А к пяти часам снова, — сперва тихим ворчанием, как только что проснувшаяся цепная собака, но пока ещё привязанная к своей конуре, напомнил о себе сирокко. Но Пипо бровью не повёл, обменявшись с Лауридсом Ристом многозначительным взглядом: Пипо верил в Лауридса Риста, Лауридс Рист надеялся.

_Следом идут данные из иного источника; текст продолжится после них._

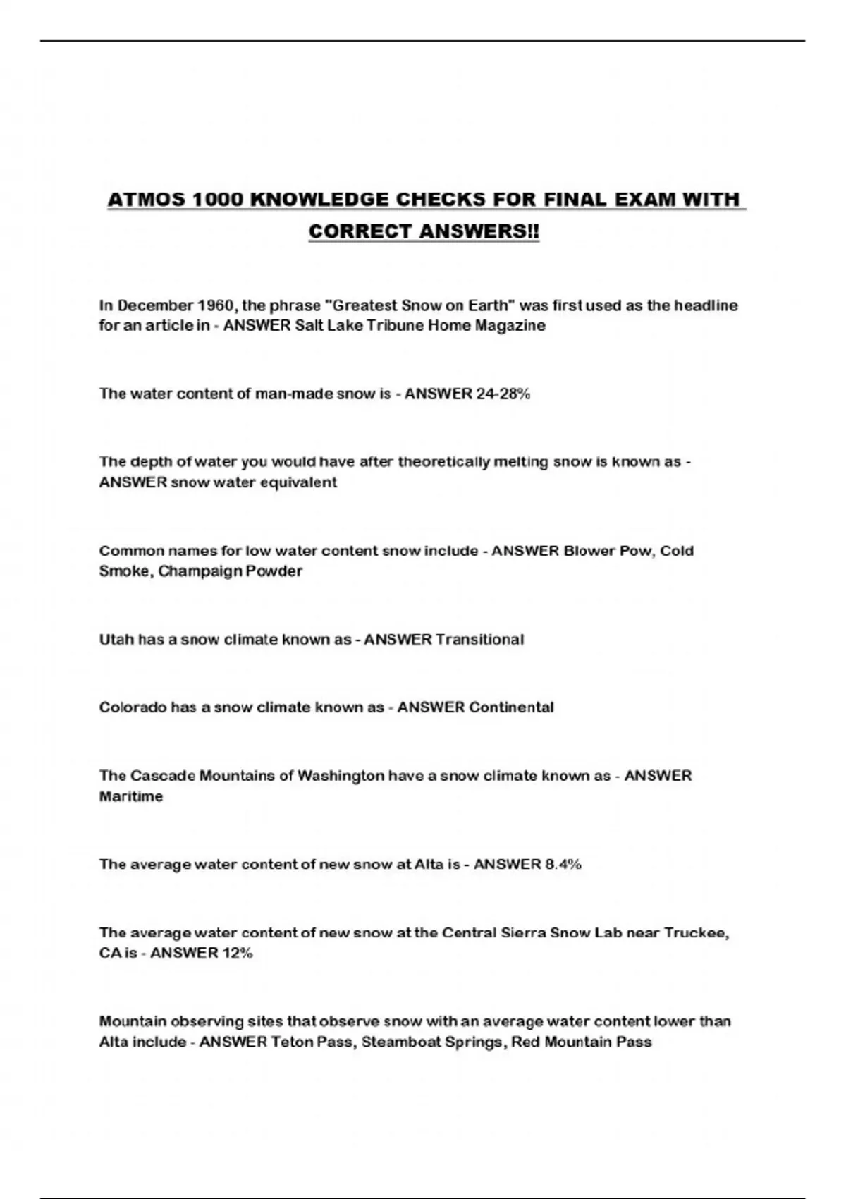 ATMOS 1000 KNOWLEDGE CHECKS FOR FINAL EXAM WITH CORRECT ANSWERS!!

И в неурочный час, изнывая в бешеных руках Микеле высунув обалделый язык, зазвенел колокольчик, — по всем коридорам зашевелились недоумевающие пансионеры, хлопали двери, гульливый голосок мадам Бадан звал Мадлену, Микеле, мало доверяя звонку, в придачу исходил пронзительным криком «Тарантелла! Тарантелла!», из салона спешно выносили мебель: к княгине торопился Пипо с особым, заранее подсказанным Лауридсом Ристом приглашением на вечер национального искусства в честь многоуважаемой принчипессы, которая из далекой, но дружественной нам Румынии соизволила и т. д., Лора Гресвик щебетала: «Сильвия, ты слышишь: тарантелла? Как это мило», и Сильвия Гресвик сочувственно кивала головкой, Лауридс Рист удовлетворенно терзал бороду, к воротам подъезжали тележки, директор труппы выгружал малолетних танцоров.

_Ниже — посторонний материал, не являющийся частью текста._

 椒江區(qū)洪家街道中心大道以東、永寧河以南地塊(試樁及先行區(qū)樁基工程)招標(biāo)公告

— Боже, да это дети танцуют! — проговорила на пороге салона фрау Берта, проговорила про себя, тихонечко, недоумённо, протяжно, с болью и, вся залившись внезапным густым румянцем, быстро прошла вперёд, — Лауридс Рист едва успел посторониться.
Гудели бубны, детские ручонки щёлкали кастаньетами, тщедушные фигурки, в возрасте от 7 до 15 лет, — девочки с застывшими улыбками, мальчики с заученными жестами, — убого и жалко плели круг южной и пылкой отваги, мёртво пристукивали каблуками; уныло трясли цветными шарфами, а когда единственное живое существо, шестилетний карапуз, прекомичное создание в неаполитанском костюмчике, с глазёнками-изюминками на пухленькой важно-сосредоточенной рожице, сорвал с себя красный хвостатый колпачок и, уморительно преклонив колено и набок пригнув головку, полуобнял свою партнёршу, девочку лет десяти с бледно-зелёным личиком и тёмными подглазниками, — фрау Берта стремительно нагнулась и, схватив карапузика на руки, прижала его к себе крепко. И поцелуями мелкими-мелкими, точно крестиками торопливыми в путь-дорогу, стала покрывать полуиспуганную мордочку.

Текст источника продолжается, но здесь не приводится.